Company’s Policies of Territorial Expansion 

Emergence of British East India Company as an Imperialist Political Power in India

Instead of direct military invasion, EIC used political, diplomatic techniques for territorial expansion. For instance- “Policy of Subsidiary Alliance” by Lord Wellesley- the policy tends Indian rulers to accept and pay a subsidy for the maintenance of the British military. It disallows rulers of India to have independent armies and force them to cede the part of their territory in case of non-payment of subsidy. Awadh( after Battle of Buxar), Mysore (after Anglo-Mysore War-IV), Bombay(after Anglo-Maratha War-IV) and Hyderabad were annexed on the grounds of this policy.
Another such policy was Lord Hastings Claim to Paramountcy.  Under this policy, the Company extorted its superiority to threaten Indian rulers to annex their kingdoms. This policy led to the annexation of Sind( 1843) and Punjab (1849).
Out of such diplomatic political techniques, the most famous was Dalhousie Doctrine of Lapse. It states that the company has the right to annex the kingdom if the respective Indian ruler died without a male heir. Applying this technique, EIC annexed Satara (1848), Sambalpur( 1850), Udaipur(1852), Nagpur(1853), Jhansi( 1854) and Awadh (1856).

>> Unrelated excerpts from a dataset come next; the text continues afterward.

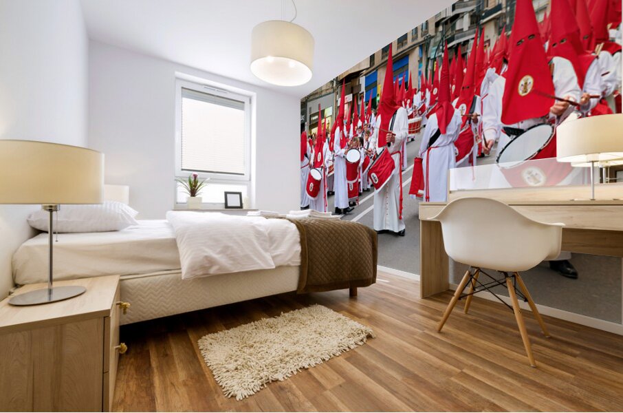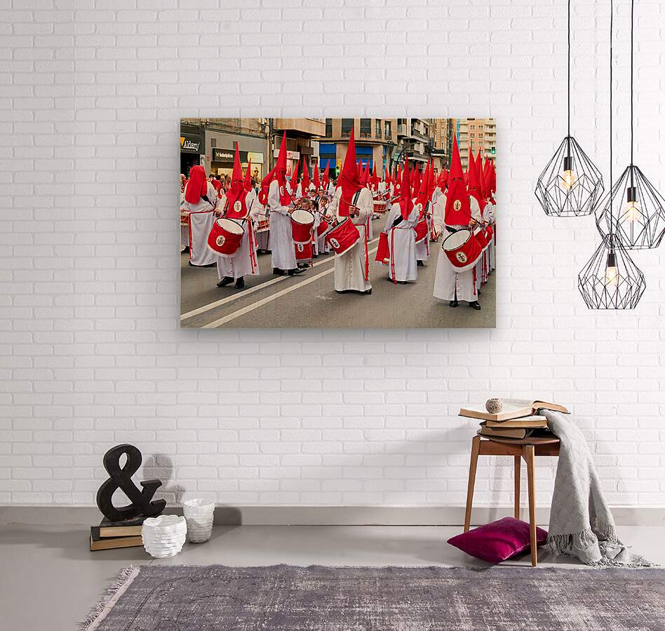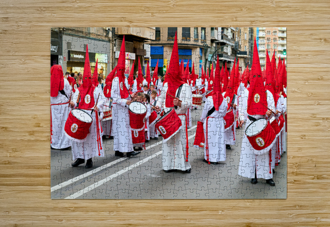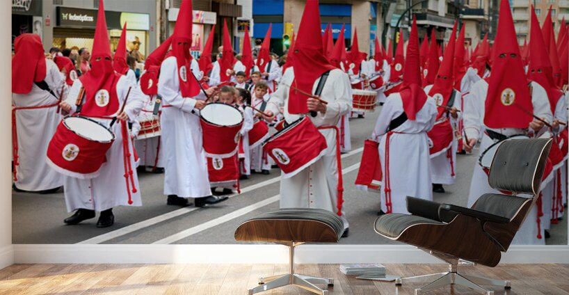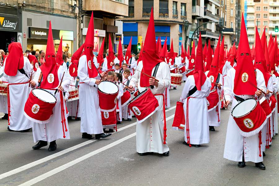 People participate in processions during Easter Holy Week in Zaragoza. They wear red outfits and carry drums as they march through the streets.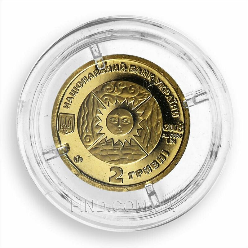 - В центре круга - стилизованное изображение солнца. Слева от круга - малый Государственный Герб Украины, справа - год чеканки монеты, обозначение металла, его пробы - Au 999,9, масса - 1,24;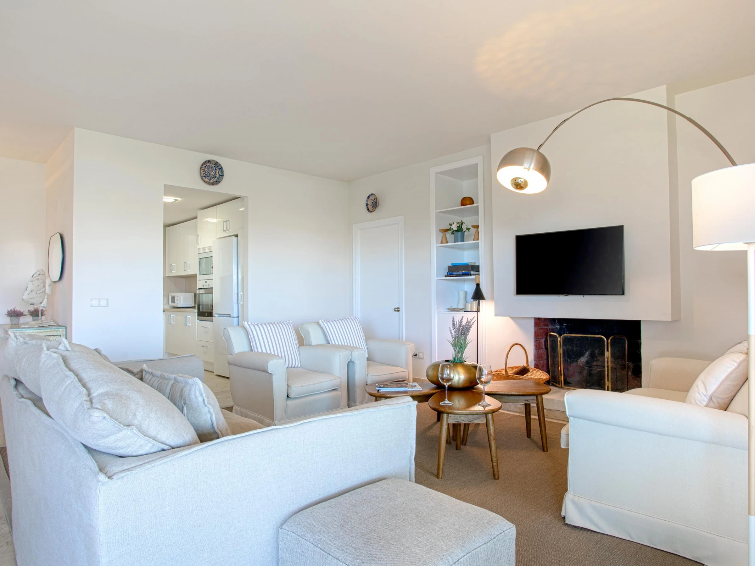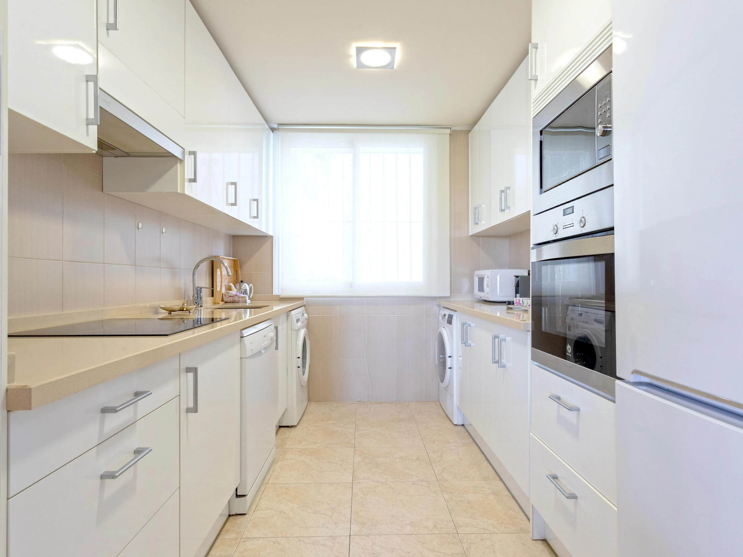 La cuisine, est équipée avec réfrigérateur, micro-ondes, four, congélateur, lave-vaisselle, vaisselle/couverts, cafetière et grille pain.

Emergence of British East India Company as an Imperialist Political Power in India
Hence, EIC metamorphosed from a trading group to an imperialist political power in India. It laid its foundation with the Battle of Plassey 1757 and thereafter the Company asserted either direct military attack or several political techniques( Policy of Subsidiary Alliance) for its constant expansion of the territorial region.